November 30, 2006

Honors

Zdenek P. Bazant, McCormick School Professor and Walter P. Murphy Professor of Civil and Environmental Engineering, has been elected as a Foreign Member of the Accademia Nazionale dei Lincei, the Italian National Academy. The induction ceremony will take place in Rome in June 2007.

The Accademia Nazionale dei Lincei was founded in 1603 and is the oldest honorific scientific academy in the world. Seated in Rome across the river from the Vatican in Palazzo Corsini, the academy counts Galileo among its earliest members. The academy is limited to 184 members and approximately 40 foreign members. Of foreign members, Bazant is one of only two engineers.

Bazant discovered the non-statistical (energetic) size effect on the strength structures consisting of brittle heterogeneous materials such as concrete, fiber composites, tough ceramics and rock or sea ice, and is known as a world leader in research on scaling in solid mechanics.

He is the recipient of numerous awards and honors and is a member of the National Academy of Sciences, the National Academy of Engineering, the Austrian Academy of Sciences, the Engineering Academy of Czech Republic and the Academia di Scienze e Lettere (Milan).

Linda Broadbelt, professor of chemical and biological engineering, has received a Fulbright Award for 2006-07.

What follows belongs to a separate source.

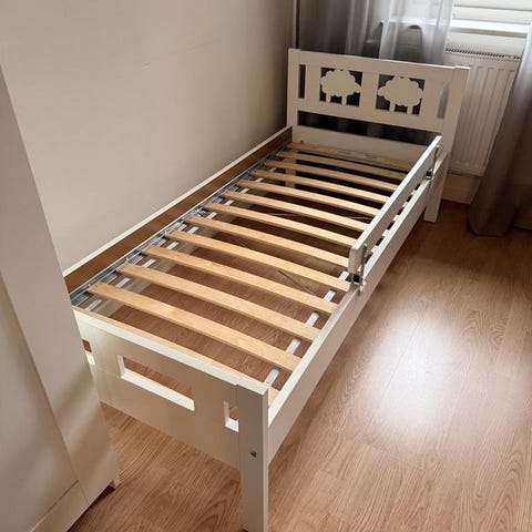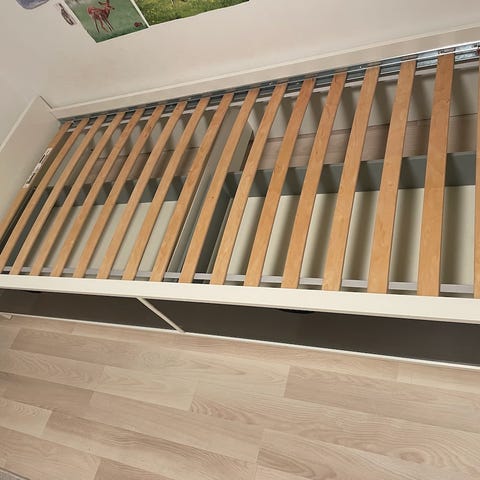 IKEA barnsäng i vitt med integrerade förvaringslådor under sängen. Sängen har en ram av trä och är perfekt för barnrum eller gästrum.

During her year as a Fulbright Distinguished Scholar, she will work at Imperial College London with Professor Donna Blackmond and her research group to study asymmetric catalysis using amino acids as organocatalysts. Broadbelt will be applying computational quantum chemical methods to help unravel mechanisms of asymmetric catalytic reactions that are currently being studied experimentally in Professor Blackmond’s laboratory.

The study of asymmetric reactions has implications for the pharmaceutical industry, where molecules with a given “handedness” for targeted therapeutic applications are sought, and also addresses fundamental questions about the chemical origin of life on Earth and our homochirality.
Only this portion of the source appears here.